Zhang Shengyi, Li Xinhan, Xiahou Zhikai, Chen Ailing, Sun Renfang, Liu Chao, Yuan Jie
Department of Thoracic Surgery, Songjiang Hospital Affiliated to Shanghai Jiao Tong University School of Medicine, Shanghai, 201600, China.
The First Clinical Medical College of Shandong University of Traditional Chinese Medicine, Jinan, China.
Transl Oncol. 2025 Apr;54:102295. doi: 10.1016/j.tranon.2025.102295. Epub 2025 Feb 26.
In both industrialized and developing nations worldwide, lung adenocarcinoma is one of the deadliest malignant tumors and the primary cause of cancer-related deaths. Its cellular heterogeneity is unclear to the fullest extent, although in recent years, its prevalence in younger individuals has increased. Therefore, it is urgent to deepen the understanding of lung adenocarcinoma and explore new therapeutic methods.
CytoTRACE, Monocle, SCENIC, and enrichment analysis were used to analyze the single cell RNA data, we characterized the biological characteristics of mast cells (MCs) in lung adenocarcinoma patient samples. CellChat was used to analyze and validate the interaction between MCs and tumor cells in lung adenocarcinoma. Prognostic models were used to evaluate and predict the development trend and outcome of a patient's disease, such as the survival time of cancer patients. The python package SCENIC was used to evaluate the enrichment of transcription factors and the activity of regulators in lung adenocarcinoma cell subgroups. CCK-8 assay could validate the activity of a specific cell subgroup sequenced in single cell sequencing to confirm the role of this cell subgroup in tumor proliferation.

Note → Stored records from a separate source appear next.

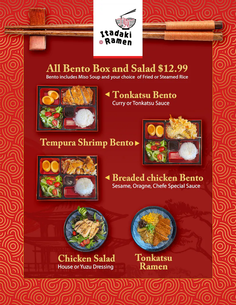Bento includes Miso Soup and your choice of Fried or Steamed Rice
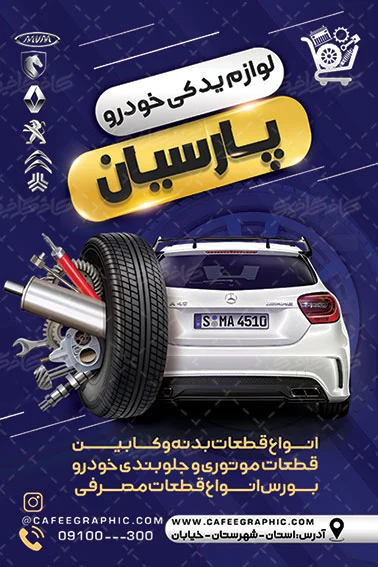 طراحی پوستر فروشگاه لوازم یدکی اتومبیل در اندازه20*30 بصورت تک رو برای انواع چاپ افست و دیجیتال ، مطابق با استاندارد های چاپخانه می باشد.
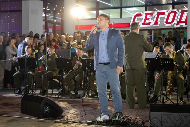 Ставшие уже традиционными вечерние концерты у фонтана всегда собирают много зрителей. Сегодняшний концерт не был исключением – сотни горожан не только наслаждались замечательным исполнением известных композиций солистами оркестра, но и подпевали, и танцевали.

Our analysis identified seven major cell types, further grouping MCs within them and identifying four distinct subgroups, including MCs with high DUSP2 expression, which showed some tumor-related characteristics. In addition, we identified the key signaling receptor EGFR and validated it through in vitro knockdown experiments, demonstrating its role in promoting cancer. In addition, we established an independent prognostic indicator, the DUSP2+ MCs risk score, which showed an association between groups with high risk scores and poor outcomes.

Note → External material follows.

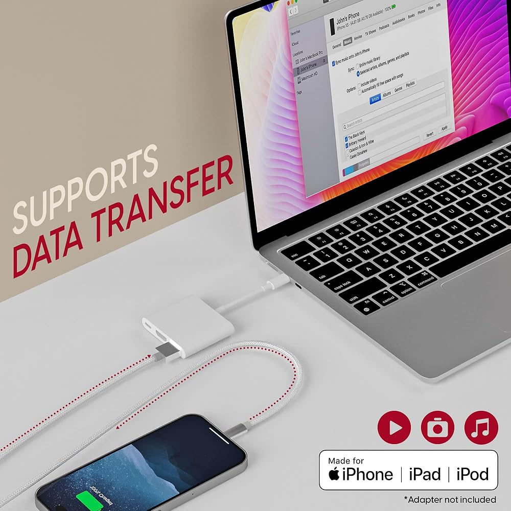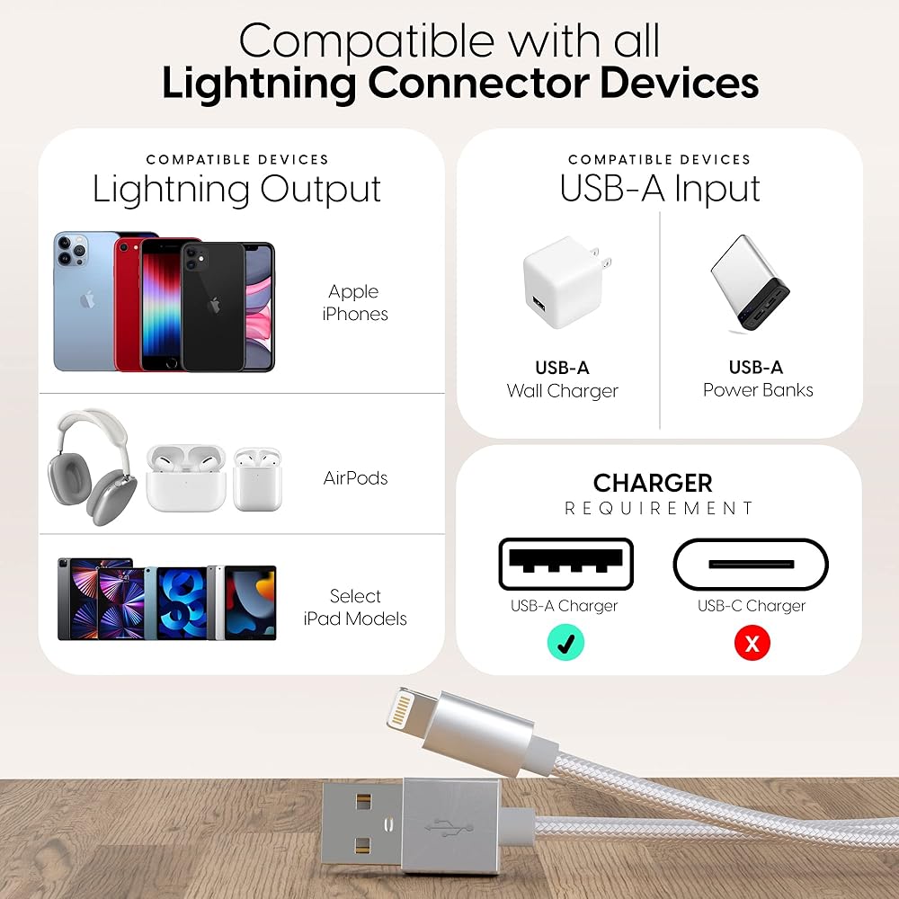 متوافق مع لايتنينج: لهاتف ابل ايفون 12 / 12 برو / 12 برو ماكس / 12 ميني / 11 / 11 برو / 11 برو ماكس / اكس اس / اكس اس ماكس / اكس ار / اكس / 8 / 8 بلس / 7 / 7 اس / 6 اس بلس / 6 اس / 6 بلس / 6 / ايباد برو، اير 1-2، ميني 1-4، الجيل الرابع / / / آي بود تاتش 5 gen/ iPod Nano الجيل السابع

These findings shed light on the complex interactions in the lung adenocarcinoma tumor microenvironment and suggest that targeting specific MCs subgroups, particularly through the EGFR signaling pathway, may provide new therapeutic strategies.
在全球范围内的工业化国家和发展中国家,肺腺癌都是最致命的恶性肿瘤之一,也是癌症相关死亡的主要原因。尽管近年来其在年轻个体中的患病率有所增加,但其细胞异质性仍未完全明确。因此,迫切需要加深对肺腺癌的理解并探索新的治疗方法。
使用CytoTRACE、Monocle、SCENIC和富集分析来分析单细胞RNA数据,我们对肺腺癌患者样本中肥大细胞(MCs)的生物学特征进行了表征。使用CellChat分析并验证肺腺癌中MCs与肿瘤细胞之间的相互作用。使用预后模型评估和预测患者疾病的发展趋势和结果,例如癌症患者的生存时间。使用Python包SCENIC评估肺腺癌细胞亚群中转录因子的富集情况和调节因子的活性。CCK-8测定可以验证单细胞测序中特定细胞亚群的活性,以确认该细胞亚群在肿瘤增殖中的作用。
我们的分析确定了七种主要细胞类型,进一步将其中的MCs进行分组并识别出四个不同的亚群,包括具有高DUSP2表达的MCs,其表现出一些与肿瘤相关的特征。此外,我们确定了关键信号受体EGFR,并通过体外敲低实验对其进行了验证,证明了其在促进癌症方面的作用。此外,我们建立了一个独立的预后指标,即DUSP2+MCs风险评分,该评分显示高风险评分组与不良结果之间存在关联。
这些发现揭示了肺腺癌肿瘤微环境中的复杂相互作用,并表明靶向特定的MCs亚群,特别是通过EGFR信号通路,可能提供新的治疗策略。